[[ Provided material open ]]

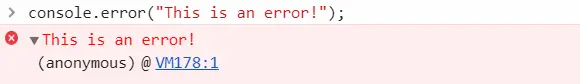 与 console.warn() 类似,console.error() 方法也会打印带有执行路径的消息,消息的样式也是特殊的。它通常是红色的,并且添加了错误图标❌。这样可以清楚地通知用户这里有某些可能错误的代码。这里值得注意的是,console.error() 方法只是打印一个控制台消息,它是没有任何附加效果的,比如停止代码的执行(所以这里你可以抛出一个错误)。这是一个简单的说明,因为许多初学者可能会对这种特性感到有些困扰。
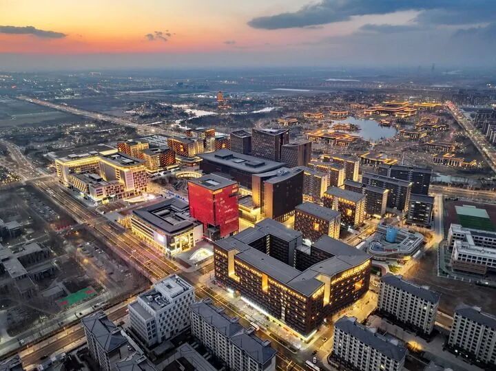 雄安商務(wù)服務(wù)中心夜景(2025年3月15日攝,無(wú)人機(jī)照片)。新華社記者 牟宇 攝
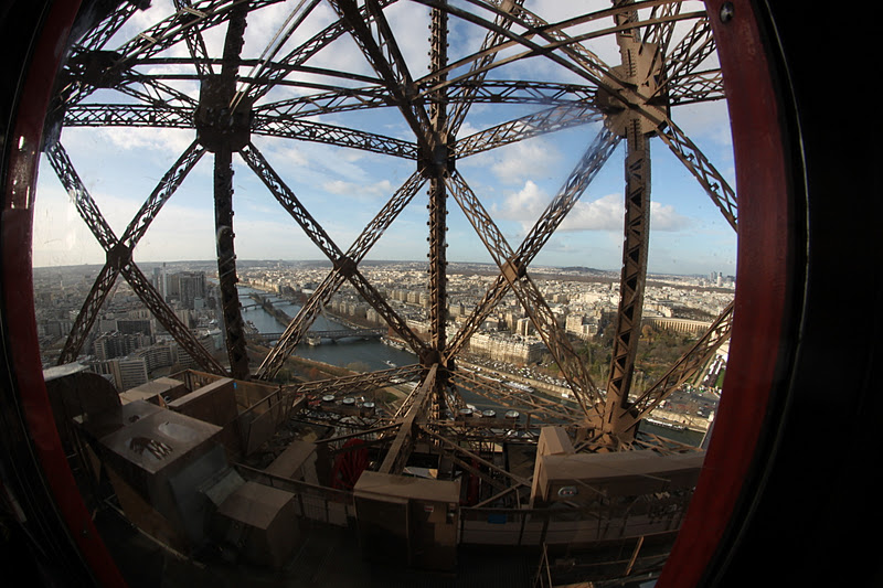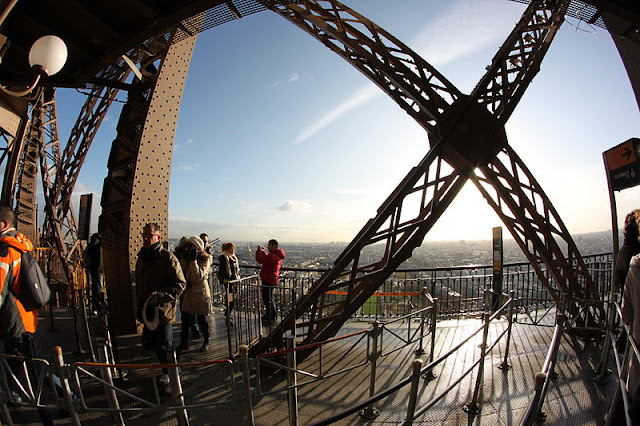 …. oli aivan horrible! Jalat muuttuivat nuudeleiksi lippuluukulla jonottaessamme, hissimatkan toiselle tasanteelle asti pidin silmiä kiinni ja siinä kohtaa, kun jo toinen tasanne tuntui olevan liikaa minulle, keräsin jostain tahdonvoimaa (kiitos iskän rohkaiseville tekstareille!) ja päätin nousta huipulle saakka. Ensin oli toki kaiteesta kiinni pitäen napsittava muutama pakollinen jei mulla on kivaa- kuva.
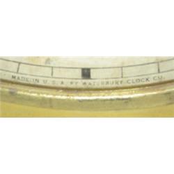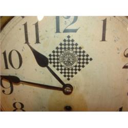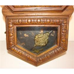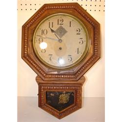 WATERBURY OAK REGULATOR WALL CLOCK. Marked on face "Research Brand-Waterbury". Ornate trim. Has key and pendulum. Minimal wear to face. 22" H, 15" W
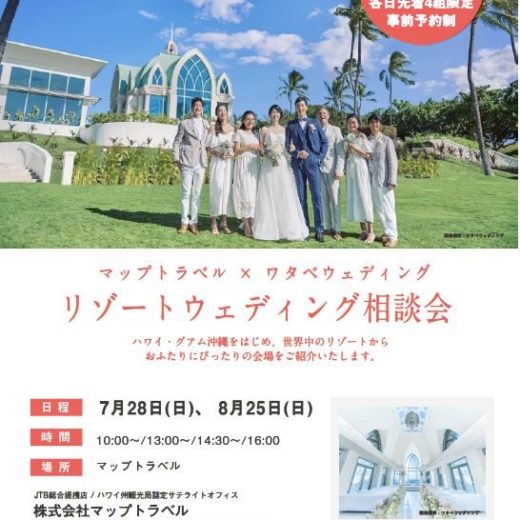 リゾートWedding&ハネムーン相談会ですが、まだ若干の空がございます。
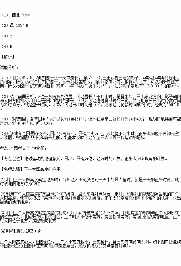 如图为我国某地旗杆夏至日这天影子长度模式图。a、b、c、d表示不同地方时刻的日影影长。b、d影长达一天中最大;a与b、a与d两线间夹角相等;a与c两线间夹角为45°,若该地昼长为14时40分,回答下面问题。(12分)

[[ Provided material closed ]]

§ Exercise objective: Pictures are not part of the answer. Restate word for word the lines from the one with "リゾートWedding&ハネムーン相談会ですが、まだ若干の空がございます。" through the last line of the records.

§ Task response:
 リゾートWedding&ハネムーン相談会ですが、まだ若干の空がございます。
 如图为我国某地旗杆夏至日这天影子长度模式图。a、b、c、d表示不同地方时刻的日影影长。b、d影长达一天中最大;a与b、a与d两线间夹角相等;a与c两线间夹角为45°,若该地昼长为14时40分,回答下面问题。(12分)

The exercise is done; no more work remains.